Fotogrammi
Capitalism and entrepreneurship
The Focus of this issue of E&M collects a series of speeches started from the article of Prof. Franco Amatori, Full Professor of Economic History at Bocconi University, on the birth and characteristics of European capitalism.
Discussing this issue are important names in Italian economics such as Prof. Francesco Giavazzi (Full Professor of Political Economics at Bocconi University), Luca Paolazzi (Partner at REF Ricerche) and Edoardo Reviglio (Chief Economist and Head of Economic and Statistical Research at the Cassa Depositi e Prestiti-CDP).
Here is a brief extract from the contribution of Prof. Franco Amatori:
“It is increasingly widespread opinion in the community of business historians (to which I belong) that the traditional unit of analysis - the enterprise itself - can no longer be considered alone, but should be seen as part of a broader context, capitalism.

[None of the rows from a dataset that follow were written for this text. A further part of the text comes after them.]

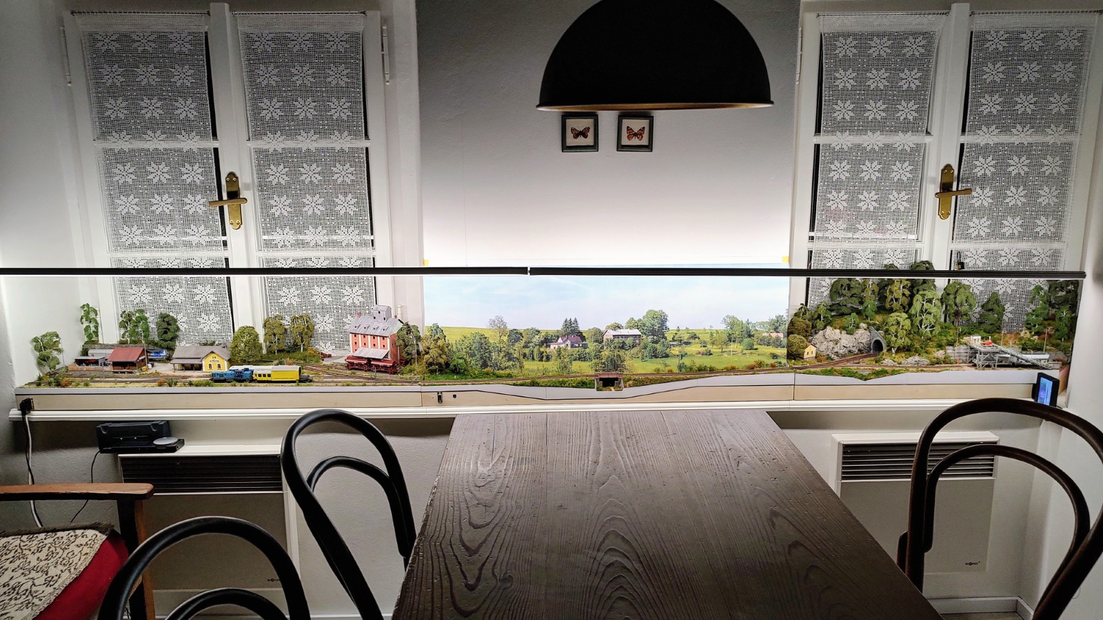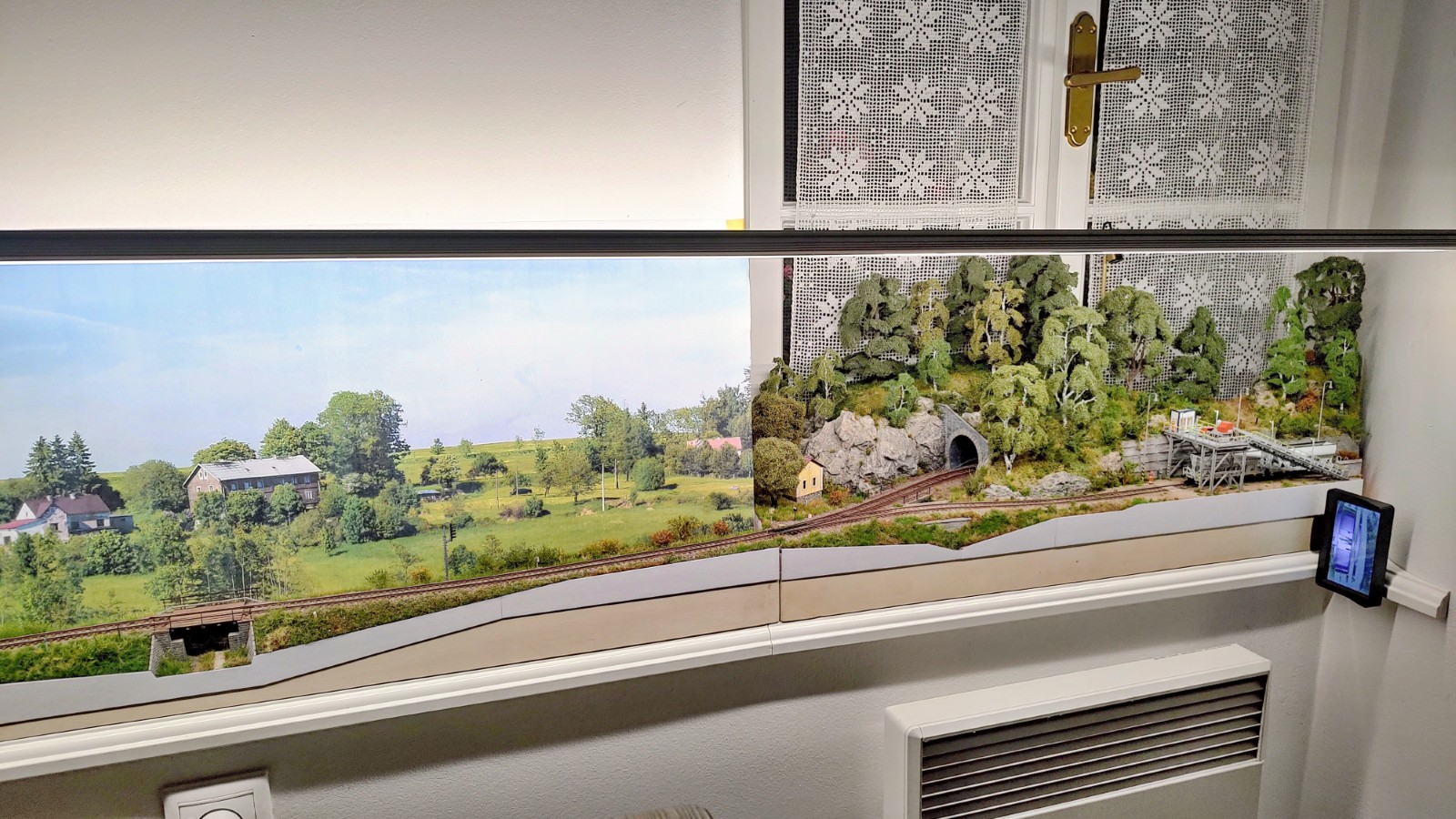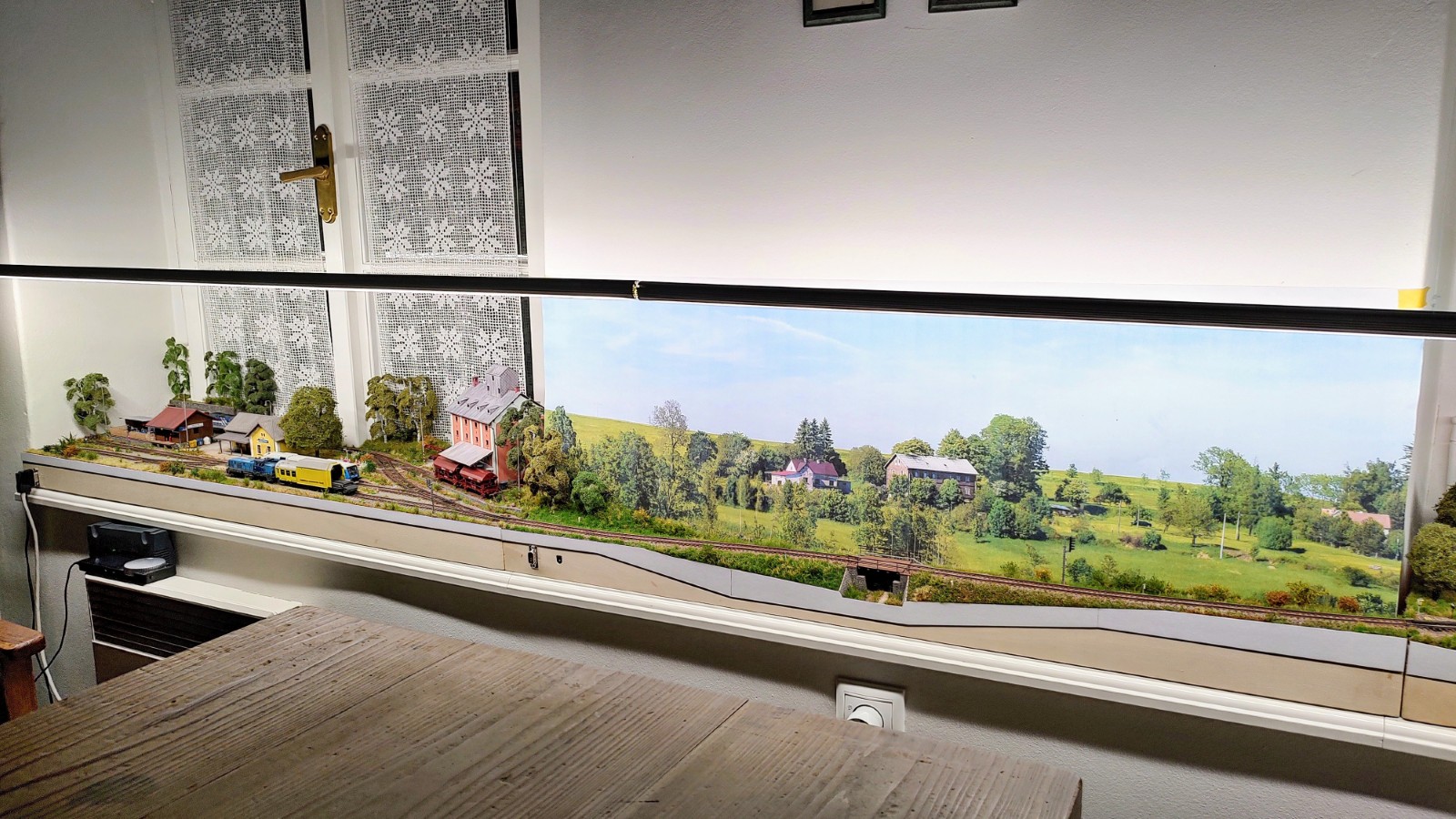 Pozadí - mělo by to technickou výhodu, že by krylo kolejiště před ranním sluncem, aby nevybledlo. Současně by to ale byla jeho největší nevýhoda, připravil bych se právě o ty ranní momentky. Možná jen něco na boční stenu za sýpku, jako pokračování té fototapety uprostřed. Ale jak píše Ivan, nepokazit kouzlo kolejiště na okně.
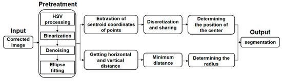 The monocrystalline silicon array is produced by lithography technology. Each cell is a circular and equidistant arrangement. However, in the process of preparation PSi microcavities, electrochemical etching causes the edge of each circular cell to become irregular. After laser irradiation, the image produces complex noise. These unique characteristics are different from fluorescent images, which makes image processing difficult. In addition, the optical structure of the cell edge region is different from the central region, which results in different reflectivity rates from the cell edge region to the central region [23]. Therefore, it is necessary to remove the edge of each cell (including bright spots) by segmentation. Based on the aforementioned problems, the reflected light image is preprocessed in this paper, and the reflected light image is corrected and segmented on the basis of pretreatment, whereas a new method for dots extraction based on the reflected light image of PSi microarray is developed.
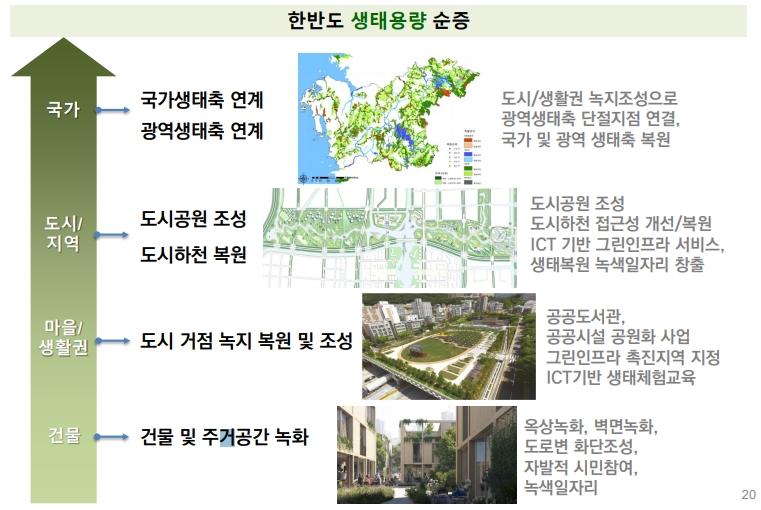 제5차 국가환경종합계획에는 지속 가능한 생태국가를 위한 핵심전략으로 국토 생태용량 확대를 제시하고 있다. 그린인프라를 활용해 우수한 생태계는 잘 보호하고, 훼손된 자연은 복원해야 한다. 이렇게 되면 국가 생태용량을 순증시켜 다양한 생태계서비스를 제공할 수 있다. 특히 인간의 이용에만 초점을 둔 토목사업은 생태적 가치에 대한 고려가 부족해 환경갈등을 유발하고 있다. 반면 건강한 생태계는 기후변화와 환경재해로부터 인명과 재산을 보호하고, 우리의 행복한 삶을 보장해 준다.

What is capitalism? In turn, capitalism is a very difficult container to delimit and define. The first answer that comes to mind is that it is a mode of production based on private ownership and the sale of goods on the free market, but the image of the many state owned enterprises and the regulated market in Japan for strategic goods after the Second World War immediately comes to mind. So we try to climb on the shoulders of the giants, Marx, Weber, Polanyi, Schumpeter, Braudel, but we always remain with a unilateral definition of this economic-social form, so much so that we end up accepting the one proposed by Jürgen Kocka, who, in his golden booklet,
Capitalism, defines it as ‘decentralization, commodification, accumulation’, perhaps a network with too wide a mesh, but sharable”.